No creía en las verdades absolutas, predicaba la duda como símbolo de la libertad de pensamiento, y se sentaba en las bancas de los corredores de la universidad a conversar con los estudiantes. A interrogarnos. Fue mi maestro en todos los sentidos, y me animó a seguir por el camino de la escritura.
Creó el lema “a la libertad por la universidad”, y nos hablaba de un humanismo beligerante, la universidad fuera del claustro; y nosotros salíamos a la calle a enfrentarnos con la realidad, el país se hallaba bajo la férula de una dictadura familiar que, curiosamente, bajo el gobierno de Luis Somoza Debayle, había concedido autonomía a la universidad.

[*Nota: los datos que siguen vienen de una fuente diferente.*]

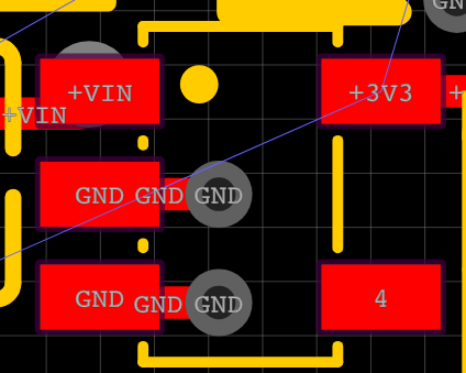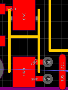GND는 보통 PCB 하단 전체 Plane으로 처리됩니다. 따라서 Top Layer에 있는 GND 패드들을 Bottom GND Plane과 연결하려면 via가 필요합니다. 반대로 +3V3은 Plane으로 처리하지 않고, 트레이스로만 연결하는 경우가 많습니다.
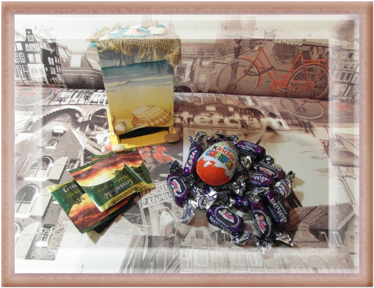 Сколько тепла в этом слоники от Светлаши. Света, огромное спасибо за мой любимый чай и конфеты. Как видишь все таки до фотосессии не дожил один Киндер. Пока фотографировала, сын его унес и покушался на второй
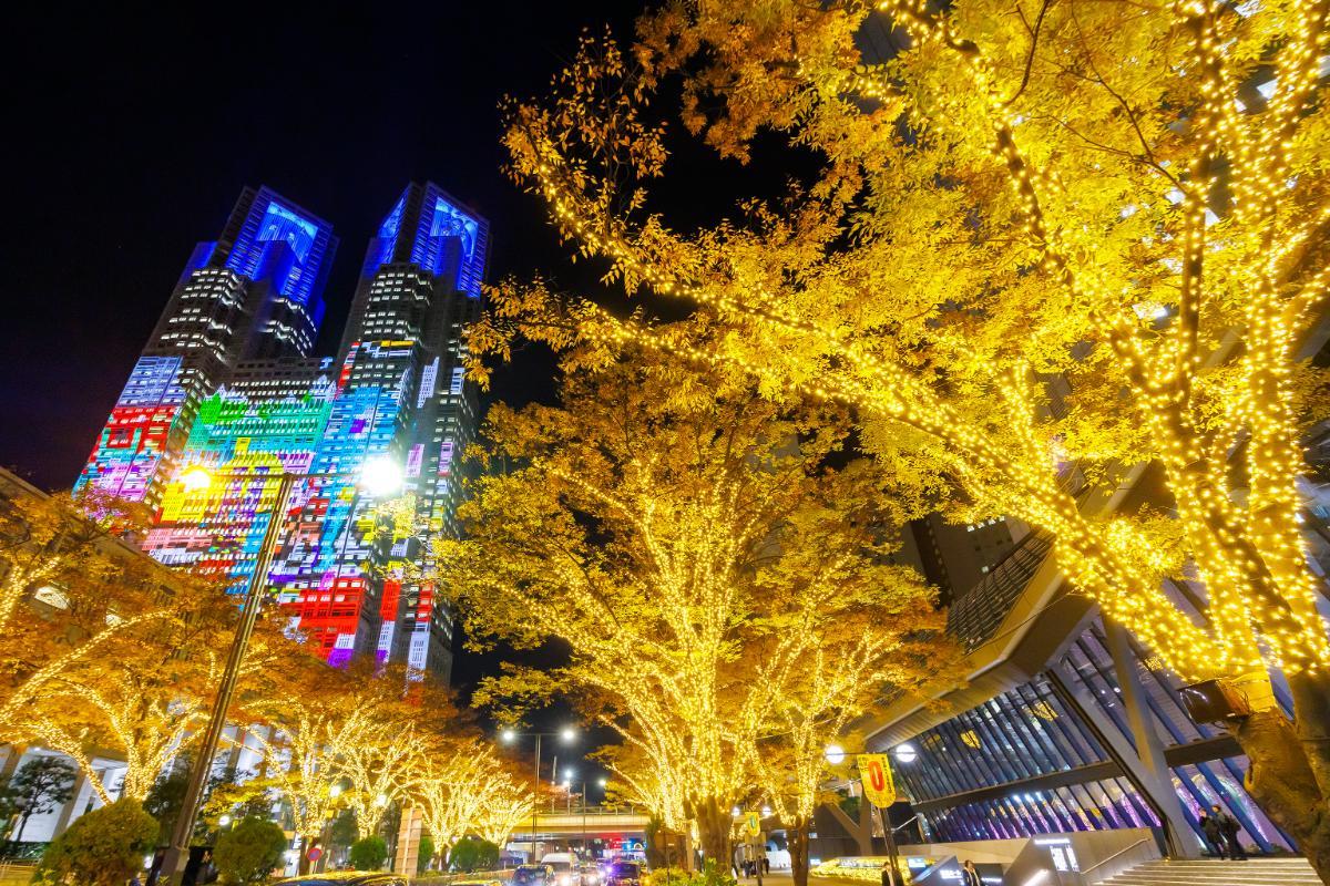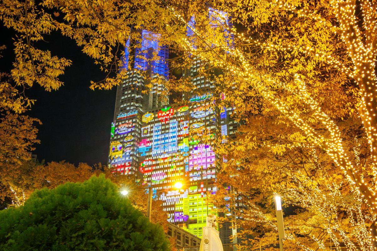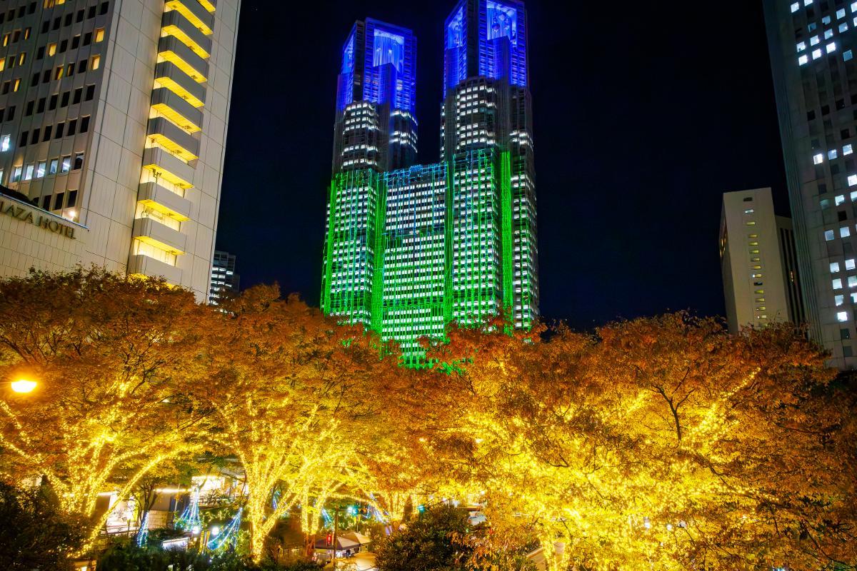 新宿住友ビルの前から南西の方角に振り返ると、都庁第一本庁舎のプロジェクションマッピングと街路樹のイルミネーションがちょうど収まるアングルに!
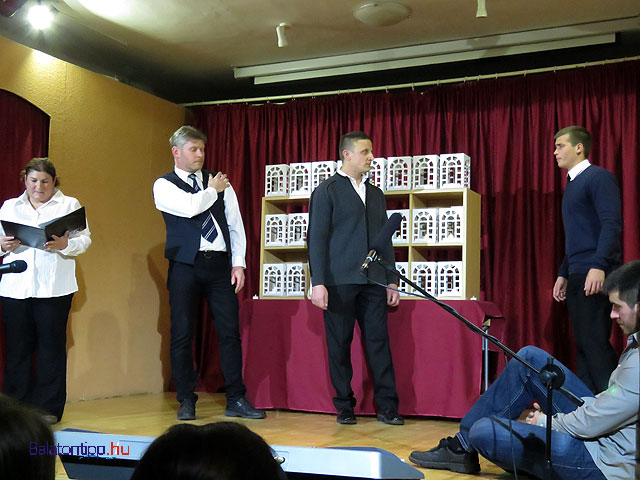 Nem csak a művelődési ház nagyterme telt meg érdeklődőkkel, a folyosókon és a színpadon is alig fért el a több mint negyven közreműködő. A program első részét a Balatonakali Asszonykórus éneke fogta keretbe. A közel egy órás műsorban óvodások, különböző korú iskolások, felnőttek mondtak verseket, adtak elő énekeket, közben mindenki elhelyezte a maga égő mécsesét az adventi naptár ablakaiban. Két összeállítással is szerepelt a Balatonakali Moderntánc Csoport, a felnőtt színjátszók pedig egy kedves karácsonyi történetet adtak elő egy özvegy autószerelőről, aki jóságával megszépíti másoknak az ünnepet, s ezzel kicsit meg is változtatja életüket és saját életét is.
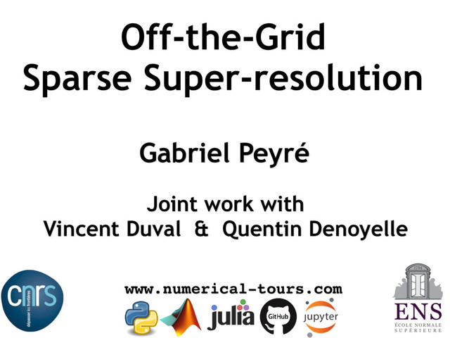 20 t (m1) (m2) x m1 t m2 x [with E. Soubies] N = 1 N = 3 ⌘W ⌘W ¯ x = 2 ¯ x = 20 Non-translation-invariant operator ¯ x x1 x2 ! ⌘W depends on ¯ x! Proposition: In particular, ⌘W is non-degenerate. ⌘W (x) = 1 ✓ x ¯ x x + ¯ x ◆2N (m) def. = Z '(x)dm(x) '(x) = e x· '(x) Total internal reflection fluorescence microscopy (TIRFM) [Boulanger et al. 2014] varying the azimuth φ during the exposure time and can be modeled by the following expression: gðθÞ = Z2π 0 Z∞ 0 Z∞ −∞ Iðz; α; φÞρ θ − α Ω=cos θ f À z Á dαdzdφ; where fðzÞ is the density of fluorophores in the medium con- volved by the emission point spread function and ρð · Þ represents slope of the glass slide recovered (Fig. 2D), the latter falling within the confidence interval deducted from the accuracy of the mea- surement of the different characteristic dimensions of the sample. Finally, from the dispersion of the estimated depth around the average slope (Fig. 2D), we can conclude that the localization precision obtained with this approach is higher than the corre- sponding precision given by estimating the location of the beads in the WF image stack as already mentioned (17). Estimating the 3D density of fluorophores convolved by the emission point spread function then would simply boil down to inverting the linear system. Some care has to be taken when inverting such system, as the inverse problem is at best badly con- ditioned. Nevertheless, constraints can be imposed to the solution such as positivity, and, in the case of time-lapse acquisitions, a multiframe regularization can be used in addition to the spatial and temporal regularization smoothness to solve the reconstruction problem. Moreover, to be effective, such a positivity constraint requires a correct knowledge of the background level. As a conse- quence, for each multiangle image stack, a background image is obtained by driving the beam out of the objective. Given that several convex constraints have to be satisfied at the same time, we propose to rely on a flavor of the PPXA algorithm (26) to estimate the tridimensional density of fluorophores (Fig. S4). More detailed information on how noise, object depth, and the required number of angles can be taken into account is discussed in SI Imaging Model and Reconstruction and Fig. S5. Finally, to take into account the variations of the medium index, we select an effective index within a predefined range by minimizing the reconstruction error at each pixel under a spatial smoothness constraint (Fig. S6). It is worth noting that the computation time for the reconstruction on 10 planes from a stack 512 × 512 images corresponding to 21 in- cidence angles ranges from 1 to 5 min depending on the number of iterations. Imaging in Vitro and in Vivo Actin Assembly. The proposed multi- angle TIRF image reconstruction approach was then tested on complex samples such as actin network architectures for which spatial resolution and dynamics remain an issue. We first chal- lenged the spatial organization of actin nucleation geometry A B C D Fig. 2. Experimental validation of the multiangle TIRF model. (A) Schema of the system designed to create a slope of fluorescent beads. (B) Overlay of the maximum intensity projection of image stack acquired with WF and TIRF illumination. (Scale bar: 5 μm.) The evolution of the intensity versus the illumination angle θ of two selected beads are plotted in C with the corre- sponding fitting theoretical model (continuous line) for their estimated depth (respectively 10 and 89 nm). (D) Depth of all of the beads estimated by fitting the theoretical TIRF model (in red) and the depth of the same beads estimated by fitting a Gaussian model in the WF image stack (in green). BIOPHYSICS AND COMPUTATIONAL BIOLOGY slope of the glass slide recovered (Fig. 2D), the latter falling within the confidence interval deducted from the accuracy of the mea- surement of the different characteristic dimensions of the sample. Finally, from the dispersion of the estimated depth around the average slope (Fig. 2D), we can conclude that the localization precision obtained with this approach is higher than the corre- sponding precision given by estimating the location of the beads in the WF image stack as already mentioned (17). Estimating the 3D density of fluorophores convolved by the emission point spread function then would simply boil down to inverting the linear system. Some care has to be taken when inverting such system, as the inverse problem is at best badly con- ditioned. Nevertheless, constraints can be imposed to the solution such as positivity, and, in the case of time-lapse acquisitions, a multiframe regularization can be used in addition to the spatial and temporal regularization smoothness to solve the reconstruction problem. Moreover, to be effective, such a positivity constraint requires a correct knowledge of the background level. As a conse- quence, for each multiangle image stack, a background image is obtained by driving the beam out of the objective. Given that several convex constraints have to be satisfied at the same time, we C D perimental validation of the multiangle TIRF model. (A) Schema em designed to create a slope of fluorescent beads. (B) Overlay mum intensity projection of image stack acquired with WF and ✓(t) y(t) ! multiple angles ✓(t). light depth x cell y(t) = m(t) ✓(t)
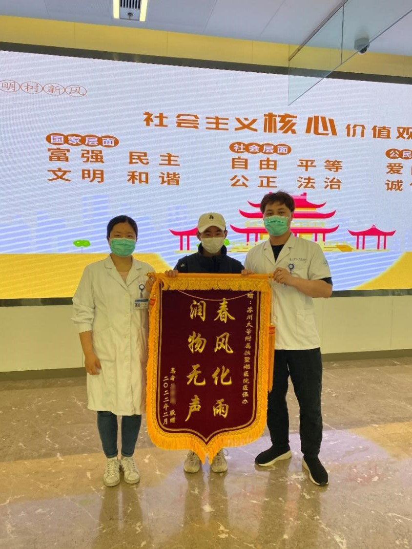 2022年6月1日上午,患者苏先生将一面印有“春风化雨,润物无声”的锦旗送到了苏州大学附属独墅湖医院的医保办公室,对我院的医保服务表示感谢。

El doctor Fiallos solía repetirnos la máxima de Publio Terencio Africano: “soy un hombre, nada humano me es ajeno». Y nada de lo humano es ajeno a la universidad obligada a formar profesionales modernos en el conocimiento, críticos frente a las verdades establecidas, renovadores del pensamiento, lectores incansables, curiosos sin medida, y sensibles ante su entorno desmesura. Dueños, en fin, de una voluntad transformadora.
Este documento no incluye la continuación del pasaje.